Needs Review 28 no 21 Okt '76: 538

Rosenquist

Mayor Gallery In the past several years, the Mayor Gallery has almost consistently concentrated on contemporary American art. For example, they have shown Warhol, Lichtenstein, Oppenheim, Rauschenberg, Oldenburg. In 1974, James Rosenquist had his first London one-man show at the Mayor, and now he is back with six works, one executed in 1975 and the remaining five in 1976.
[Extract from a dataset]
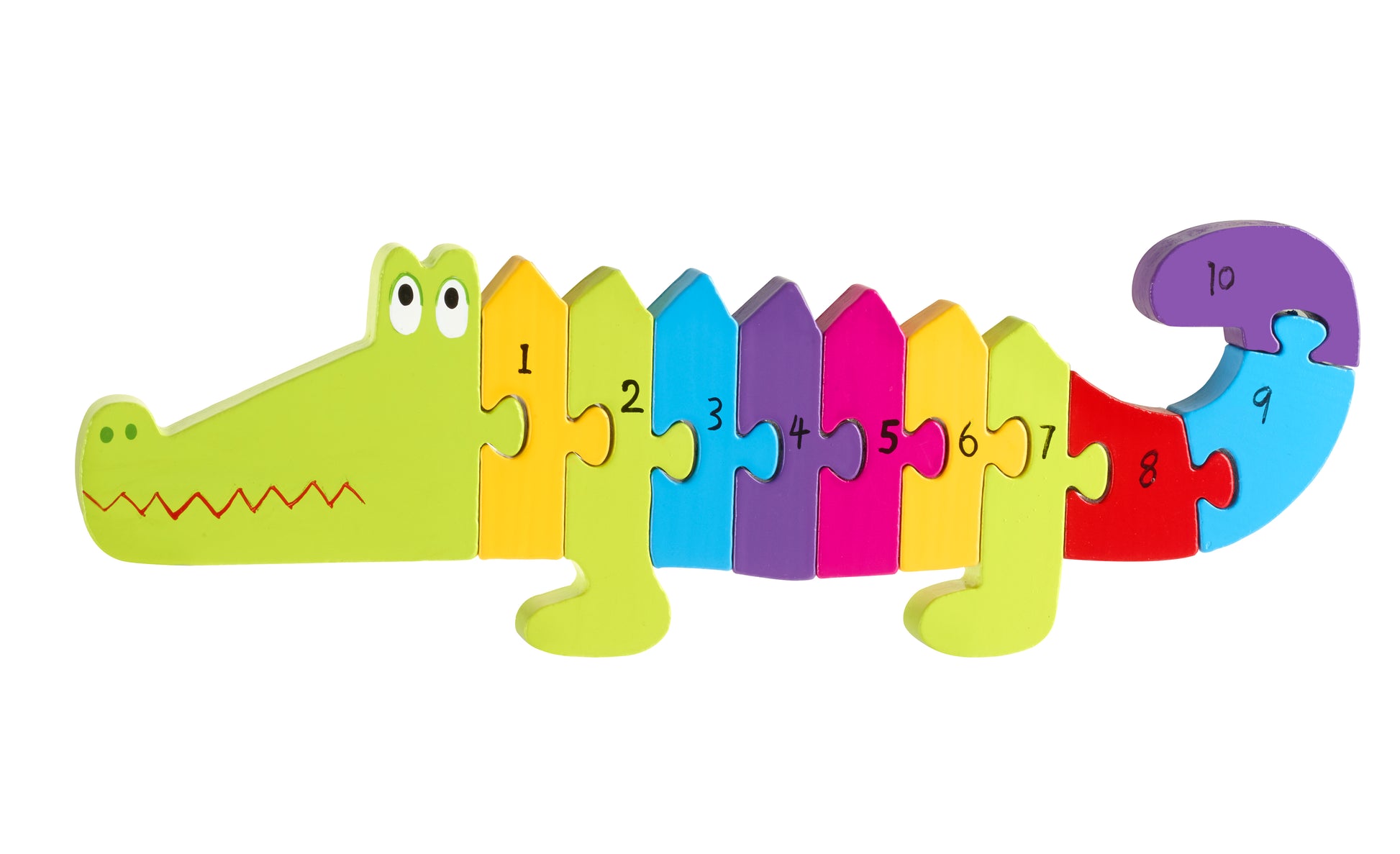 Introduce little ones to the numbers 1- 10, with this fun 11 piece wooden jigsaw puzzle in the shape of a Crocodile.
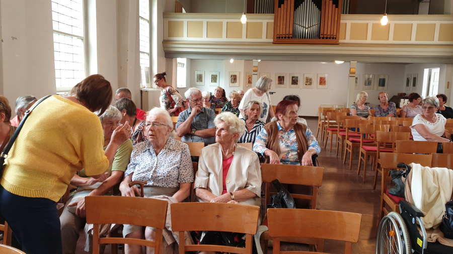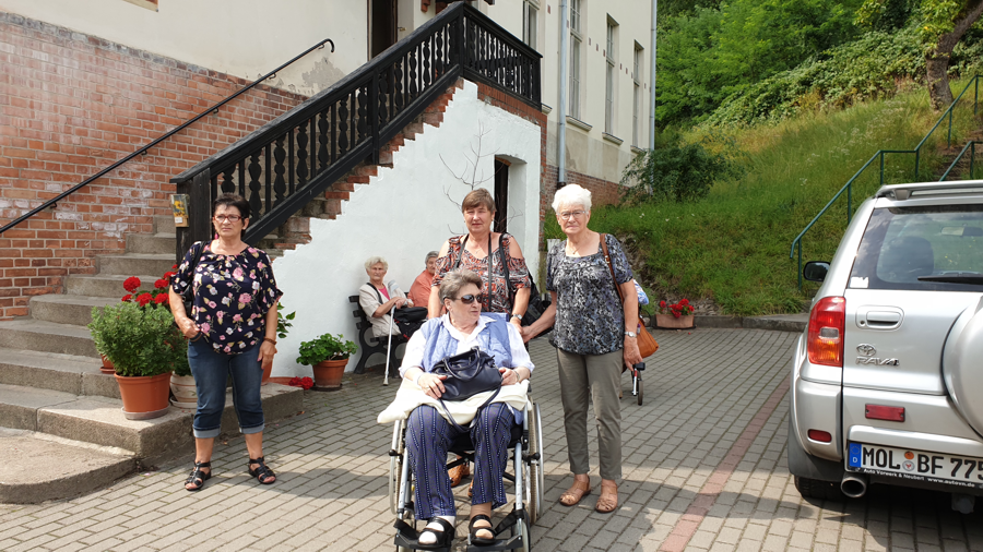 Mit dem Ausflug in die Malche haben wir sichtlich einen Nerv getroffen. Alle kennen diesen Ort und die Einrichtung der evangelischen Kirche vom Vorbeifahren und vom Hören - Sagen. Der Großteil der 44 Frauen und Männer waren noch nicht dort und deshalb sehr gespannt auf das, was sie zu Sehen und zu Hören bekommen. Selbst die Anfahrt war von Ehrfurcht begleitet, weil von außen das Gelände eng und schlecht befahrbar erscheint. Gudrun Kutzner und Anneliese Fritze haben dem vorgebeugt und stellten sich als Einweiser an die beiden Einfahrten, um die Autofahrer auf den Parkplatz zu weisen. So gut vorbereitet, trafen alle von beiden Seiten an der Kirche zusammen. |

Now the Mayor space is small; indeed, compared to New York galleries, tiny. Their policy has been to show new work by the American artists they deal with; and a number of them must have worked with the Mayor show in mind. The works that result are hardly minute by ordinary standards; but James Rosenquist's best known painting, F-111 is after all 86 ft. long. Taken as a series the American shows that the Mayor has organised [[organized]] have been almost without exception of exceptional interest; and I can't help feeling that this is due to the quality of the artists' response to showing their work in such a comparatively restricted space. This is particularly revealing in the case of Rosenquist; and for this country must reveal new facets of his approach, as our experience has been in the main limited to Pop Art Redefined at the Hayward, and the Tate's Silo, and the prints published by Petersburg Press on the F-111.

At its simplest, the term pop art is taken to refer to those artists who use popular imagery, culled from magazines, comics, photographs, television and advertising, i.e. 'the media', as source material for their paintings, prints and sculptures - and by extension, popular icons, for example, John's use of the American flag (the pervasive use of the Oath of Allegiance and the American flag at the start of the American state school day may not be fully appreciated or understood in England, not the quite startling sight, for a European in any event, of the American flag on display in thousands if not millions of suburban gardens, suburban shopping centres, and public buildings).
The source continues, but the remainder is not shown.